§ Exercise description
Go through the data below and repeat it exactly, skipping each picture.

§ Provided data
=-=-=-=-=
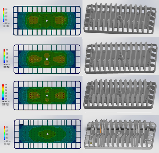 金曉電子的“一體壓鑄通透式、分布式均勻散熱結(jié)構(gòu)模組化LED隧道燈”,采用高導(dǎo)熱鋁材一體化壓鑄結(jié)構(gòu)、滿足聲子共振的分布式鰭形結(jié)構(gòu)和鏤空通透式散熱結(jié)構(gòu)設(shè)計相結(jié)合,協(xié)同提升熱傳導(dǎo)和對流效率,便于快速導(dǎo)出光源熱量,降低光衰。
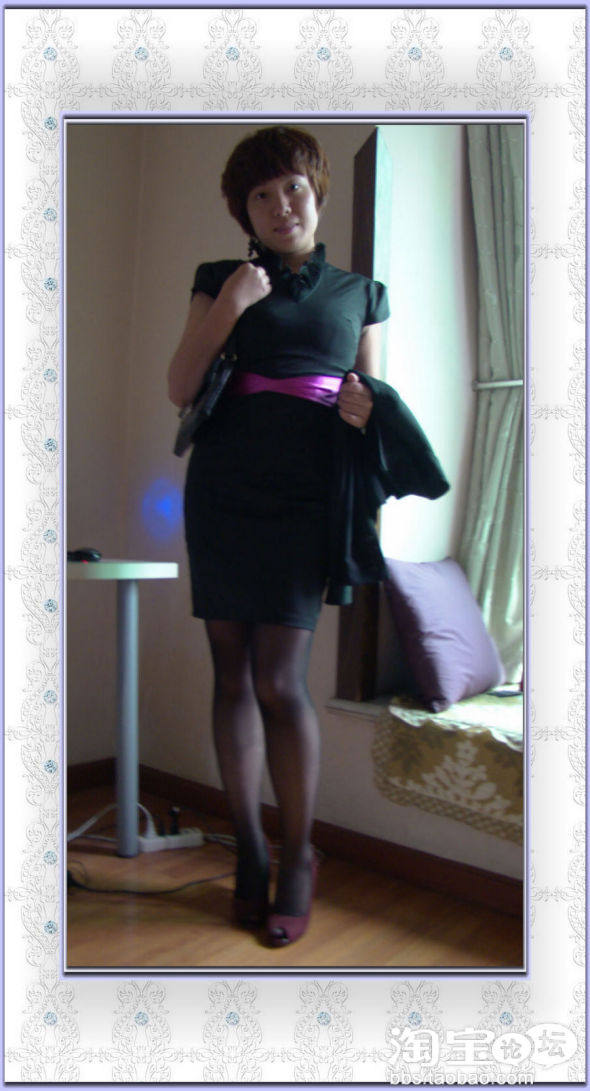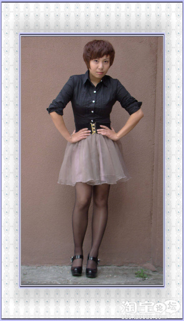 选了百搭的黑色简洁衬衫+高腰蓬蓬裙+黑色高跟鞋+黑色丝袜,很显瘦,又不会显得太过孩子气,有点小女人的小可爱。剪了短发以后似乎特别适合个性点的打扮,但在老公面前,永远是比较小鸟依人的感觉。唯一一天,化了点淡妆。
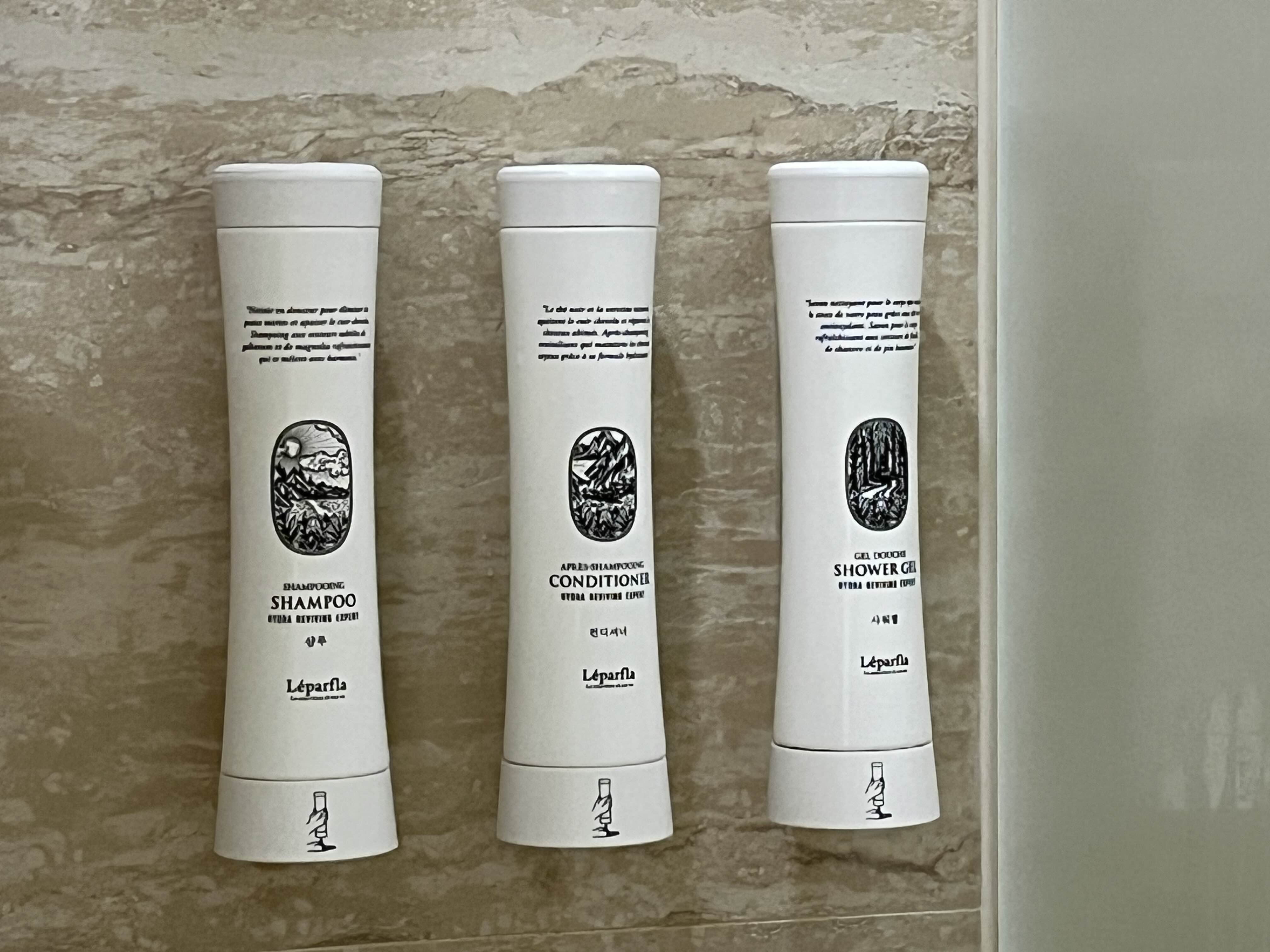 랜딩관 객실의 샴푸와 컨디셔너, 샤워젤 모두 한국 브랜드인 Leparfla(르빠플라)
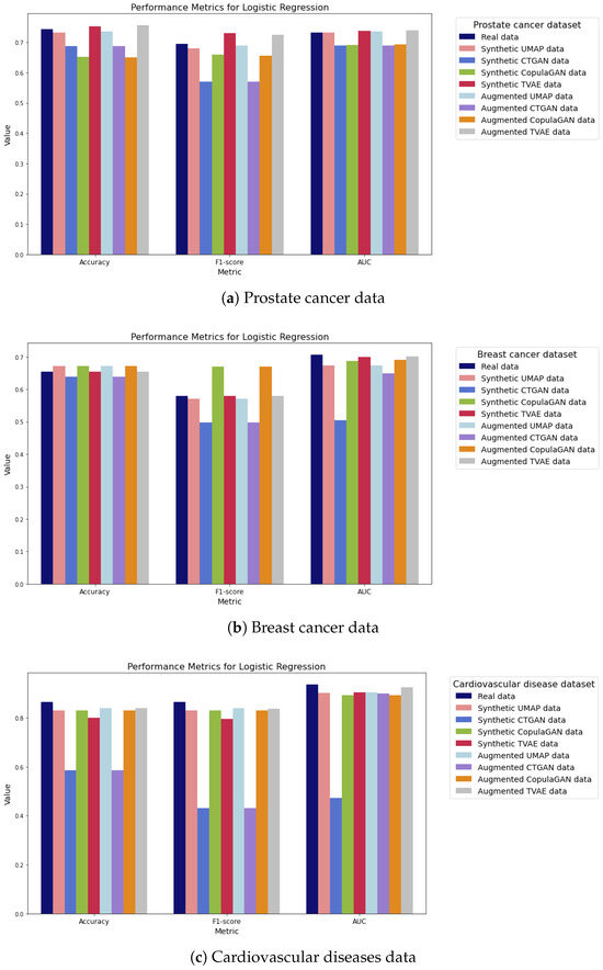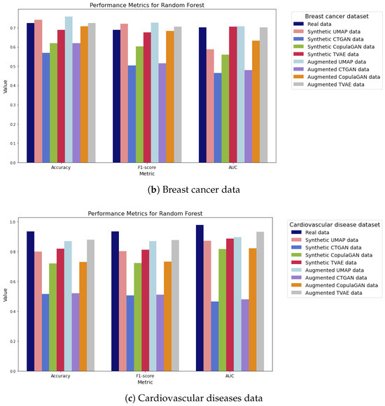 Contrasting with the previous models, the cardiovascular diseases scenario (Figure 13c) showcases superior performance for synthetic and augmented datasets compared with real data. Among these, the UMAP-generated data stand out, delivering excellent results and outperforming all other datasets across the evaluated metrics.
=-=-=-=-=
§ Expected answer
 金曉電子的“一體壓鑄通透式、分布式均勻散熱結(jié)構(gòu)模組化LED隧道燈”,采用高導(dǎo)熱鋁材一體化壓鑄結(jié)構(gòu)、滿足聲子共振的分布式鰭形結(jié)構(gòu)和鏤空通透式散熱結(jié)構(gòu)設(shè)計相結(jié)合,協(xié)同提升熱傳導(dǎo)和對流效率,便于快速導(dǎo)出光源熱量,降低光衰。
 选了百搭的黑色简洁衬衫+高腰蓬蓬裙+黑色高跟鞋+黑色丝袜,很显瘦,又不会显得太过孩子气,有点小女人的小可爱。剪了短发以后似乎特别适合个性点的打扮,但在老公面前,永远是比较小鸟依人的感觉。唯一一天,化了点淡妆。
 랜딩관 객실의 샴푸와 컨디셔너, 샤워젤 모두 한국 브랜드인 Leparfla(르빠플라)
 Contrasting with the previous models, the cardiovascular diseases scenario (Figure 13c) showcases superior performance for synthetic and augmented datasets compared with real data. Among these, the UMAP-generated data stand out, delivering excellent results and outperforming all other datasets across the evaluated metrics.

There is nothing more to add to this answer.